WORK INSTRUCTIONS – Further down are entries; set down exactly and only the lines from the one with "二の郭から更に一段高いところ" up to and including the one with "We are excited", dropping each picture.

RECORDS PROVIDED –
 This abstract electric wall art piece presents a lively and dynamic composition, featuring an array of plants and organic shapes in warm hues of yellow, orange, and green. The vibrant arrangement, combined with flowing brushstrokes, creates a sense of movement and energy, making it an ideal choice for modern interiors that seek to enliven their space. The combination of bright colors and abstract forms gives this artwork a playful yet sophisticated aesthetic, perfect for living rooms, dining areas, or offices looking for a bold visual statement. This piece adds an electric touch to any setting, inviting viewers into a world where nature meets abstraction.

* * *

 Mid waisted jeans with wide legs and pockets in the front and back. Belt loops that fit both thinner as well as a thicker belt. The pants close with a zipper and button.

==

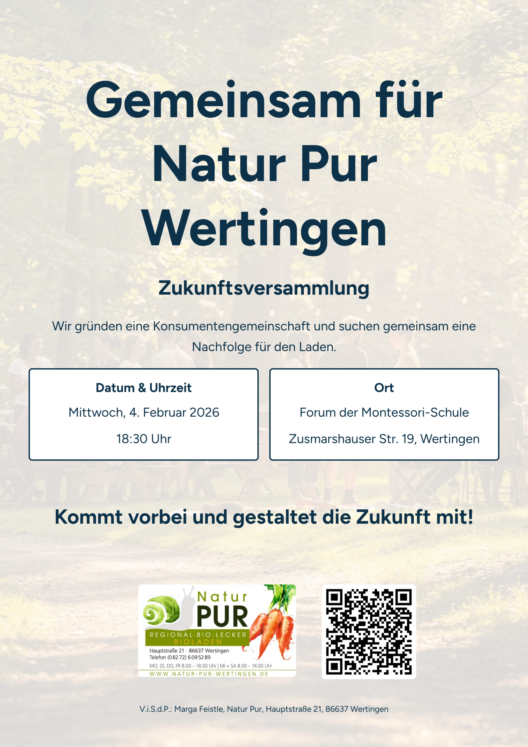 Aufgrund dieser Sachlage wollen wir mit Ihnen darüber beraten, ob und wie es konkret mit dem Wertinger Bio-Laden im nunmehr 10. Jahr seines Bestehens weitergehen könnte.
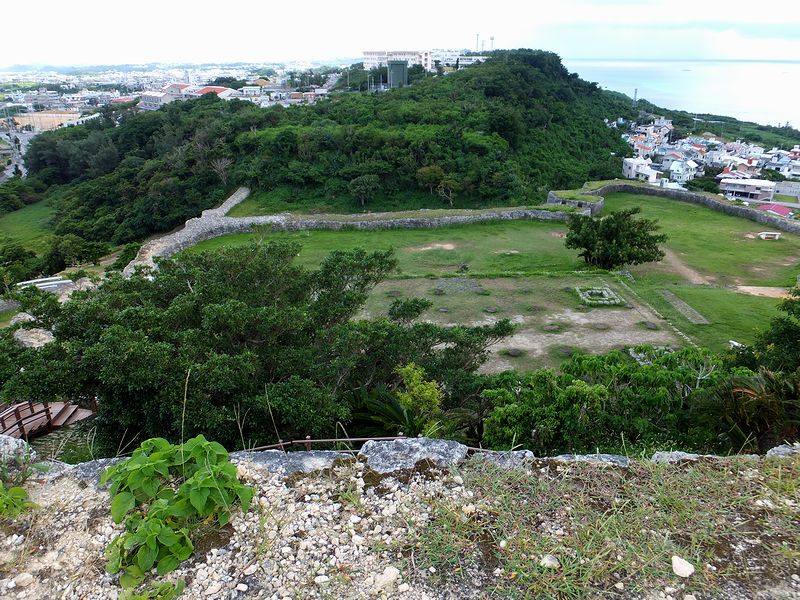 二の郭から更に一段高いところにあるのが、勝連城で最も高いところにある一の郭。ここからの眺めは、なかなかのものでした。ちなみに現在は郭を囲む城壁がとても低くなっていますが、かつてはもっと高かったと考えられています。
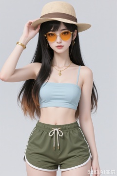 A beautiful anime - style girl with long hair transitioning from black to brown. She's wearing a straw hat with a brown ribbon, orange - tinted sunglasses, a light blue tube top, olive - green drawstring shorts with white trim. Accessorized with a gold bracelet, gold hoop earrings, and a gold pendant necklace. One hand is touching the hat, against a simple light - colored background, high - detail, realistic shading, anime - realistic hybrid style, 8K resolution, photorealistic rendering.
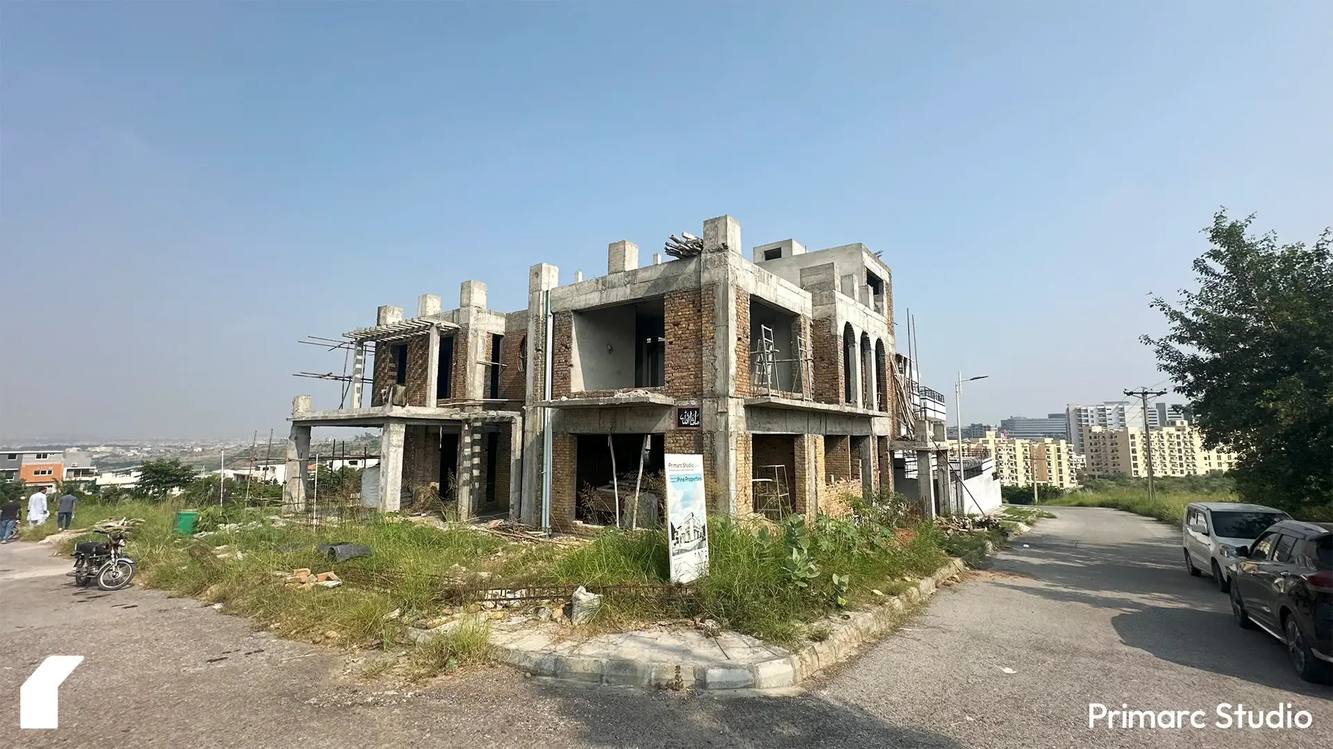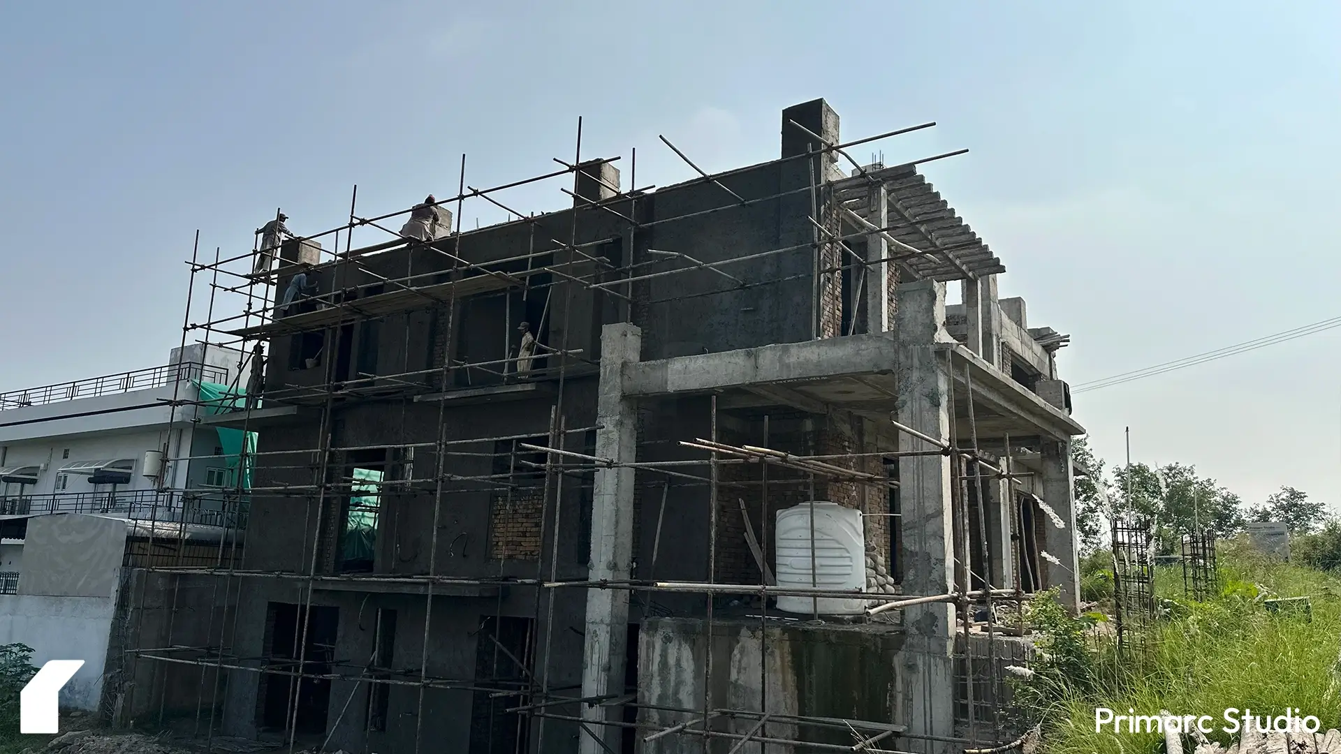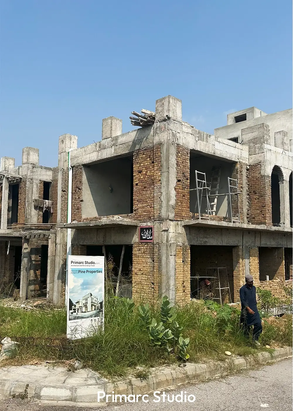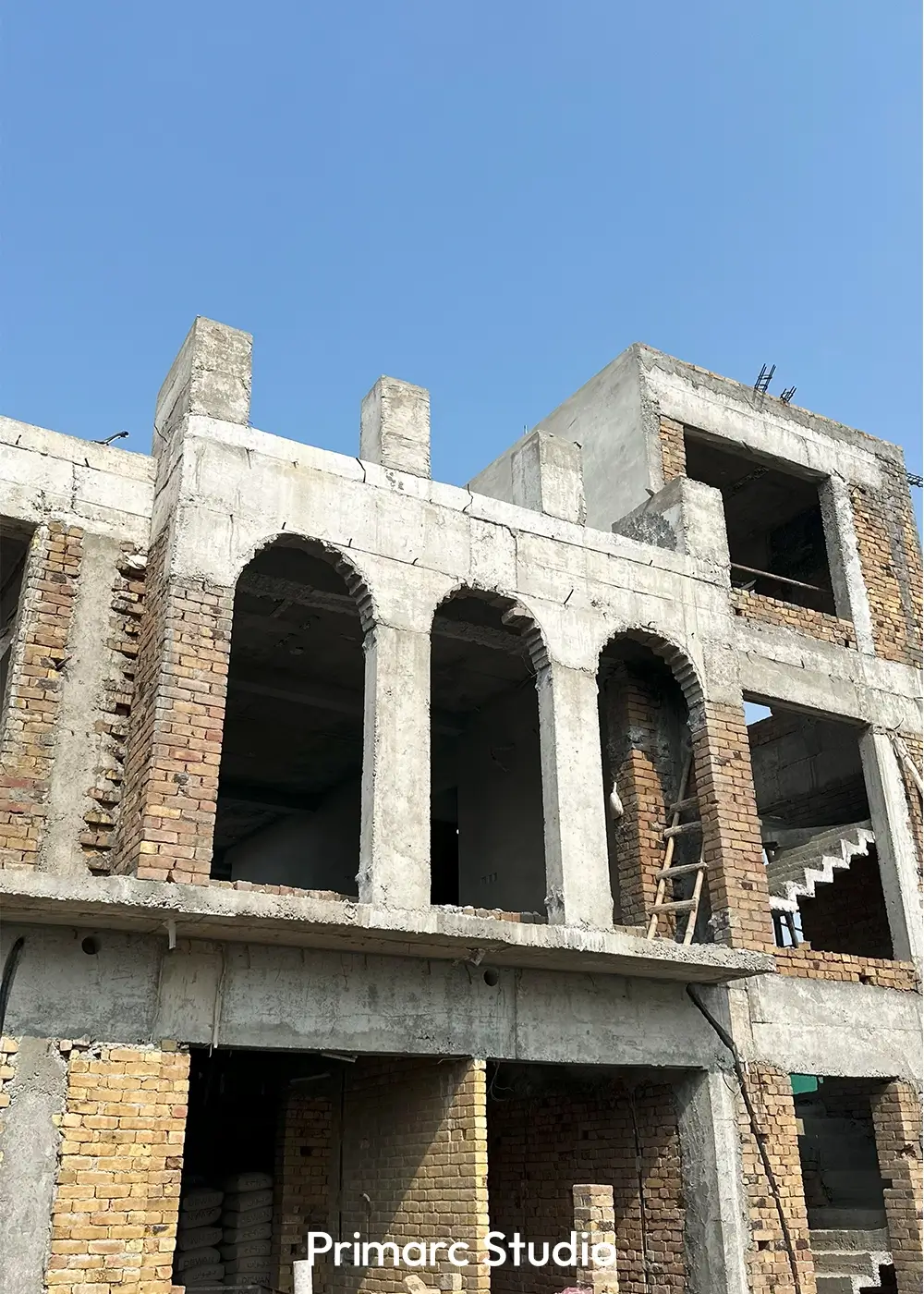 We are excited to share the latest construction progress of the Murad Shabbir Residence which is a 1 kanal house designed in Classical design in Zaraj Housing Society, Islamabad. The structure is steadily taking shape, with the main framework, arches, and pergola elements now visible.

FINISHED EXERCISE –
 二の郭から更に一段高いところにあるのが、勝連城で最も高いところにある一の郭。ここからの眺めは、なかなかのものでした。ちなみに現在は郭を囲む城壁がとても低くなっていますが、かつてはもっと高かったと考えられています。
 A beautiful anime - style girl with long hair transitioning from black to brown. She's wearing a straw hat with a brown ribbon, orange - tinted sunglasses, a light blue tube top, olive - green drawstring shorts with white trim. Accessorized with a gold bracelet, gold hoop earrings, and a gold pendant necklace. One hand is touching the hat, against a simple light - colored background, high - detail, realistic shading, anime - realistic hybrid style, 8K resolution, photorealistic rendering.
 We are excited to share the latest construction progress of the Murad Shabbir Residence which is a 1 kanal house designed in Classical design in Zaraj Housing Society, Islamabad. The structure is steadily taking shape, with the main framework, arches, and pergola elements now visible.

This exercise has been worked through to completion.